**Exercise prompt**
Look through the listing below for the line containing "Porta legal da". Copy it and each line after it up to and including the line containing "Al suo interno", exactly, leaving out pictures.

**Input for this task**
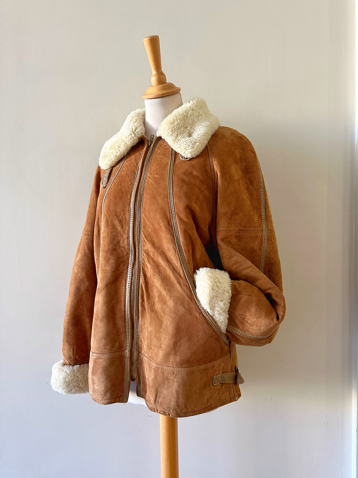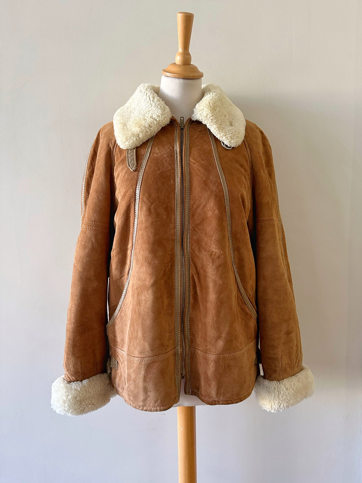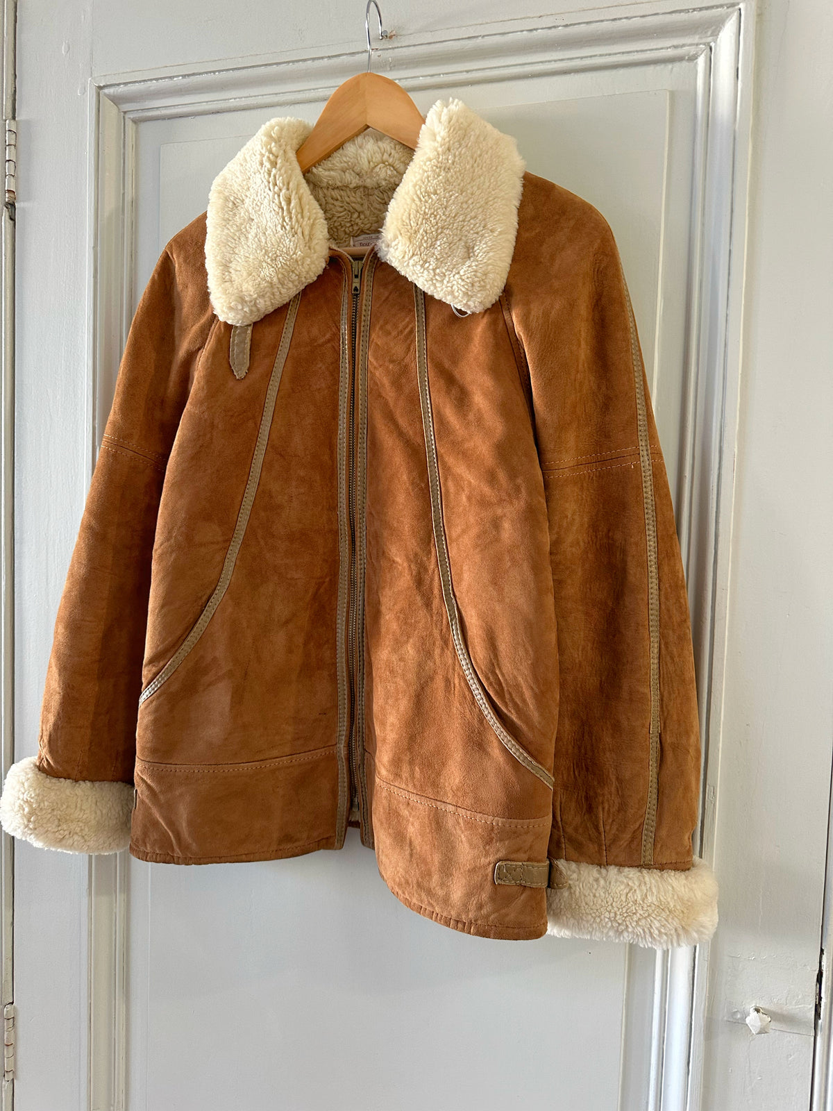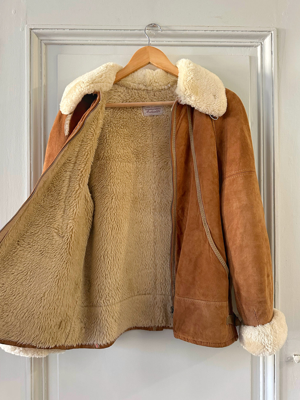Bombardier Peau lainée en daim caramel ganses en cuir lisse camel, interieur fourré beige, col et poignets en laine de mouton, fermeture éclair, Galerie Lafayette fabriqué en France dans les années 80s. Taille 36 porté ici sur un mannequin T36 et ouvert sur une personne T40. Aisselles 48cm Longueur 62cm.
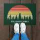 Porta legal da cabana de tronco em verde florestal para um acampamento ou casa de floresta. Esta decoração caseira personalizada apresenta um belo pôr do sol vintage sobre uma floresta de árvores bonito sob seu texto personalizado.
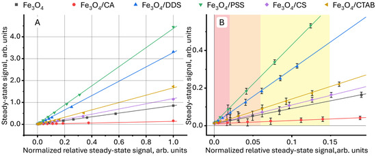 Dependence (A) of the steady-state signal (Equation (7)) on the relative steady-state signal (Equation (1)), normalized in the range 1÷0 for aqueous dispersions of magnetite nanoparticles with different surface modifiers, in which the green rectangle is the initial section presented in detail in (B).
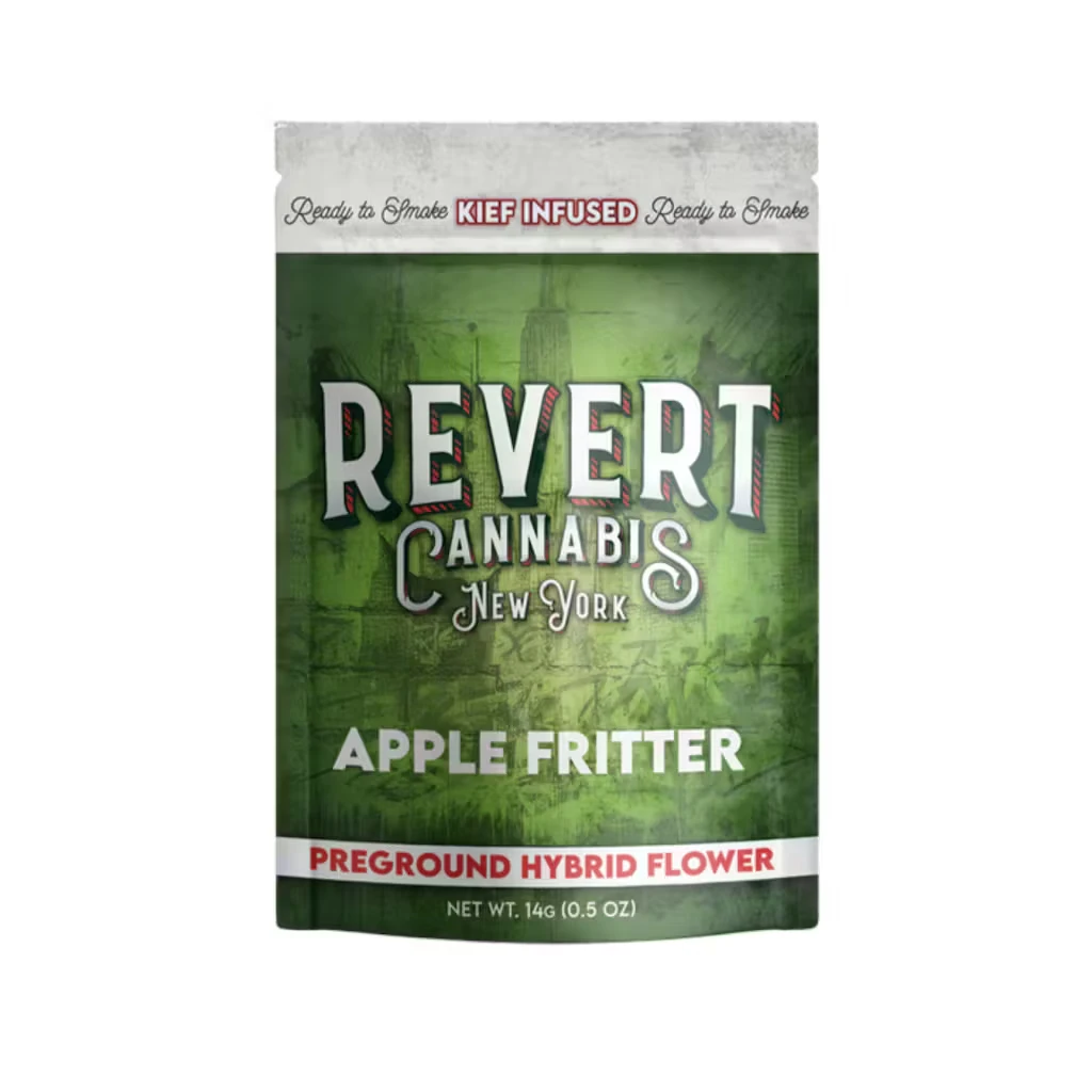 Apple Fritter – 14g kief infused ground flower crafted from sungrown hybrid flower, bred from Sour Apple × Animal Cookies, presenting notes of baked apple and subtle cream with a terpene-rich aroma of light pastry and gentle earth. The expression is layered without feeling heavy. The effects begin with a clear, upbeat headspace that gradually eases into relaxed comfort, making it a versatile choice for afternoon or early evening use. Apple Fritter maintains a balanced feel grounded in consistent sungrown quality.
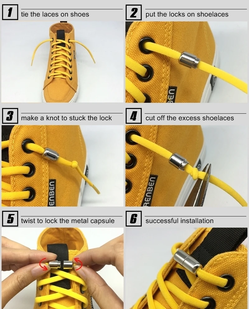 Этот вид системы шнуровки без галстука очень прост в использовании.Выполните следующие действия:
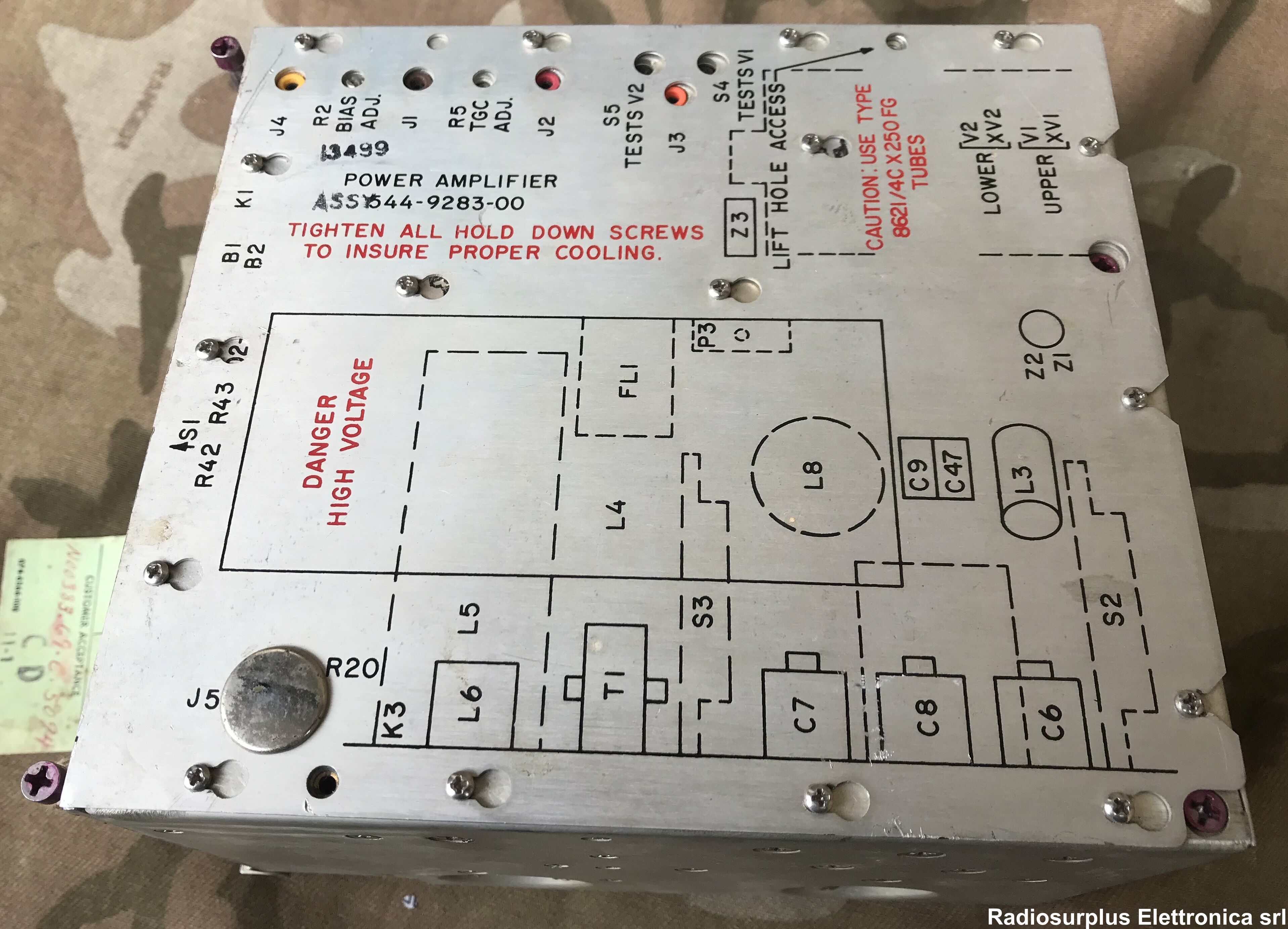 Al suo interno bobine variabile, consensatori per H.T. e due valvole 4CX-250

---

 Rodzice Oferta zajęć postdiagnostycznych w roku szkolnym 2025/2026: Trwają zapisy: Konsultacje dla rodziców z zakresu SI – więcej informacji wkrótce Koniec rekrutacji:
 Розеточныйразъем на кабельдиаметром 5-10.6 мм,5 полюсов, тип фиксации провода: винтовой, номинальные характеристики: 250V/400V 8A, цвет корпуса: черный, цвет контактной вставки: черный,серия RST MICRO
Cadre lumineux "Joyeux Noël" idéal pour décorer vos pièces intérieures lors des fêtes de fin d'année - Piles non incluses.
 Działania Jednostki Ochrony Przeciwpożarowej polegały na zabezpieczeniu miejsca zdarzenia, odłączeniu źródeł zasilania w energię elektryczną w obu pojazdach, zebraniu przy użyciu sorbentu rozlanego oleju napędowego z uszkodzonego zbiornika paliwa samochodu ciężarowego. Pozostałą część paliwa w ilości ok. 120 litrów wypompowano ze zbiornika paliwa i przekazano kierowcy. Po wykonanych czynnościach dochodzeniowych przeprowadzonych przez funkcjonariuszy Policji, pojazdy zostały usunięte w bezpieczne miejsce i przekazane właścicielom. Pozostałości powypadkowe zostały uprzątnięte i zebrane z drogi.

**Result below**
 Porta legal da cabana de tronco em verde florestal para um acampamento ou casa de floresta. Esta decoração caseira personalizada apresenta um belo pôr do sol vintage sobre uma floresta de árvores bonito sob seu texto personalizado.
 Dependence (A) of the steady-state signal (Equation (7)) on the relative steady-state signal (Equation (1)), normalized in the range 1÷0 for aqueous dispersions of magnetite nanoparticles with different surface modifiers, in which the green rectangle is the initial section presented in detail in (B).
 Apple Fritter – 14g kief infused ground flower crafted from sungrown hybrid flower, bred from Sour Apple × Animal Cookies, presenting notes of baked apple and subtle cream with a terpene-rich aroma of light pastry and gentle earth. The expression is layered without feeling heavy. The effects begin with a clear, upbeat headspace that gradually eases into relaxed comfort, making it a versatile choice for afternoon or early evening use. Apple Fritter maintains a balanced feel grounded in consistent sungrown quality.
 Этот вид системы шнуровки без галстука очень прост в использовании.Выполните следующие действия:
 Al suo interno bobine variabile, consensatori per H.T. e due valvole 4CX-250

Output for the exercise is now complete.